No access into Vista RTM from Domain

G

Guest

We have two clients running Windows Vista RTM. Both are joined to Windows
2003 domain. Both clients can ping XP and 2003 server stations as well as
browse their shares. However, a ping or share browsing from any server or XP
station to either of the Vista clients does not work. The ping will resolve
the name of the Vista client, but will timeout on the response. Firewall is
disabled on both clients by Group Policy. The users that are logged into the
Vista clients are Domain Admins, Enterprise Admins, etc. Any help would be
greatly appreciated.
 
G

Guest

RESOLUTION:
The sssue was caused by the Windows Firewall service not running (ie -
Stopped). When we manually attempted to start the service, we received error
1297.

We were able to narrow it down to one setting in Group Policy: User Rights
Assignment -> Adjust memory quotas for a process.

The security setting for this option is usually set to Local Service,
Network Service, Administrators.

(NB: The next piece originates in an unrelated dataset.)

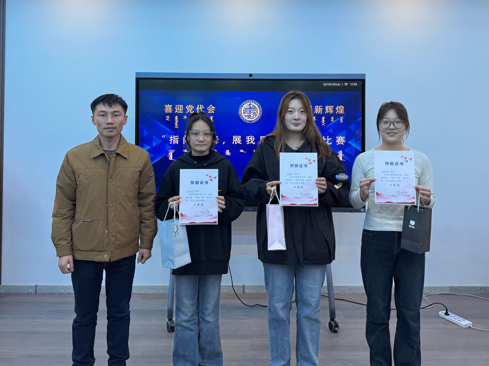 11月19日中午,我院党总支书记王水英、团总支书记包巴雅力格、辅导员云磊作为颁奖嘉宾为获奖同学颁奖。
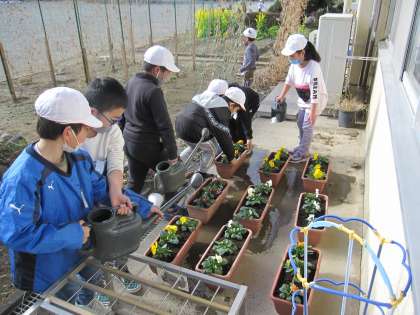 緑の少年団の活動として、プランターにパンジーとビオラの苗を植えました。学習発表会や卒業式、入学式で会場を飾る花です。各クラスで水やりや花がら摘みをして、大切に育てていきます。

In our case, our domain policy edits this
setting to only include Administrattors.

By changing the policy so that this setting is not configured, it is
automatically set back to the default.

After a reboot of the pc and a gpupdate which we run at logon, we saw our
Firewall Service was started. Now we are able to Turn Off the firewall via
the Network Center, but leave the service running.

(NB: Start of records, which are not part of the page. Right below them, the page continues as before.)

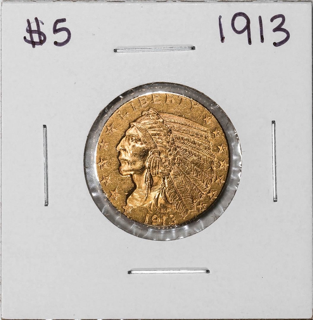One 1913 $5 Indian Head Half Eagle Gold Coin.
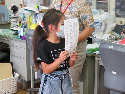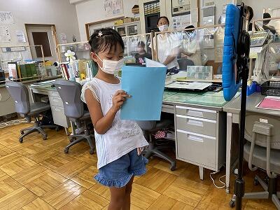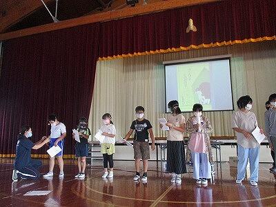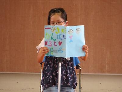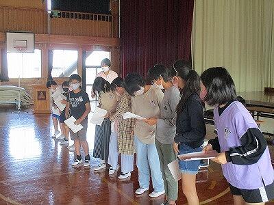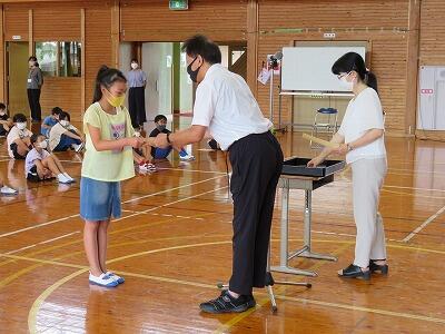 体育館で終業式を行いました。代表児童の「1学期をふりかえって、2学期の目標」の発表はとても立派でした。いよいよ明日から夏休みになります。私からは、規則正しい生活を送ってください、病気や事故にならないでください、長所を伸ばしたり苦手を克服したり何かひとつでいいからチャレンジをしてくださいの3つをお願いしました。2学期の始業式にみなさんの元気な笑顔が見られることを楽しみしています。
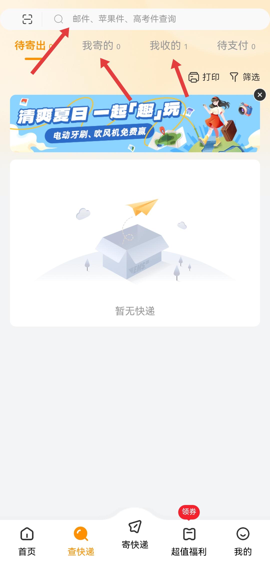 1、打開郵政EMSAPP,切換至底部導(dǎo)航欄的查快遞頁面,可通過搜索欄輸入單號(hào)查詢,或點(diǎn)擊我寄的、我收的標(biāo)簽查看對(duì)應(yīng)快遞記錄。
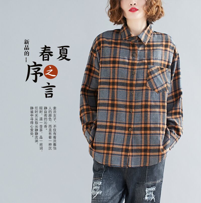 ゆったりとしたチェック柄のシャツの女性2020年秋の新しいファットmmバージョンの薄いウエスタンスタイルの長袖シャツジャケットプラスサイズの婦人服 ロング 大きめサイズ オータム 秋物 TB2-53 TB2-5394407541834

With this in place, we can ping and browse admin shares from any pc to our
vista clients.
 
B

Bruce Sanderson

Good to see you got your network working with Vista. A couple of questions
for my enlightenment:

1. Group policies are always refreshed during the Windows startup process,
so I'm puzzled by "a gpupdate which we run at logon". Is there a particular
problem that doing this in a startup script as well solves?

2. Vista (and XP SP2, Windows 2003 SP1) networking all works with the
Windows Firewall enabled - I do this on all my computers at home and also at
work If you take "special" action, you can also have the benefit of having
the Windows Firewall enabled on Windows 2003 SP1 Domain Controllers (see KB
article 555381), so I'm wondering why you want to disable it.

--
Bruce Sanderson MVP Printing
http://members.shaw.ca/bsanders

It is perfectly useless to know the right answer to the wrong question.
 
B

Bruce Sanderson

I suspect what was meant is "Not Defined". Most GPO settings have "Not
Configured", "Enabled" or "Disabled" settings, but those in User Rights
Assignment are either "Defined" or "Not Defined".

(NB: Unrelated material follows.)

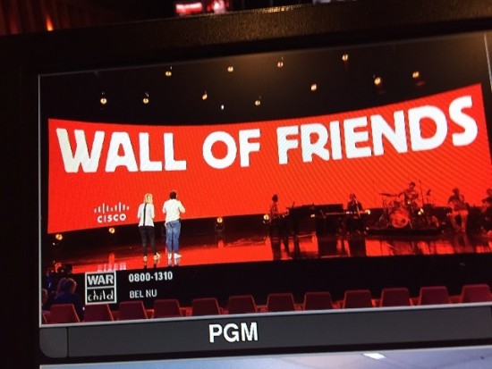 War Child, a Dutch nonprofit that Cisco has supported for ten years with cash and product grants, held a televised event to raise money for its work on June 10. During the show, video reports of children affected by war were shown on a giant 17-by-4-meter "Wall of Friends," based on Cisco collaboration technology. The Wall of Friends uses the same Cisco technology seen on the "Wall of America" on Jimmy Kimmel Live!

Double click on "Adjust memory quotas for a process" and remove the check
mark from "Define these policy settings".

If you are looking at the "Local Security Policy" on a Vista workstation (as
opposed to a Group Policy in a Domain via Group Policy Management Console) -
e.g. Start, Administrative Tools, right click Local Security Policy, select
Run as Administrator - the only choice you have is to modify the group
list - there is no check box as there is with GPMC in a Domain.

The default groups with this "right" are:
Administrators
LOCAL SERVICE
NETWORK SERVICE

--
Bruce Sanderson MVP Printing
http://members.shaw.ca/bsanders

It is perfectly useless to know the right answer to the wrong question.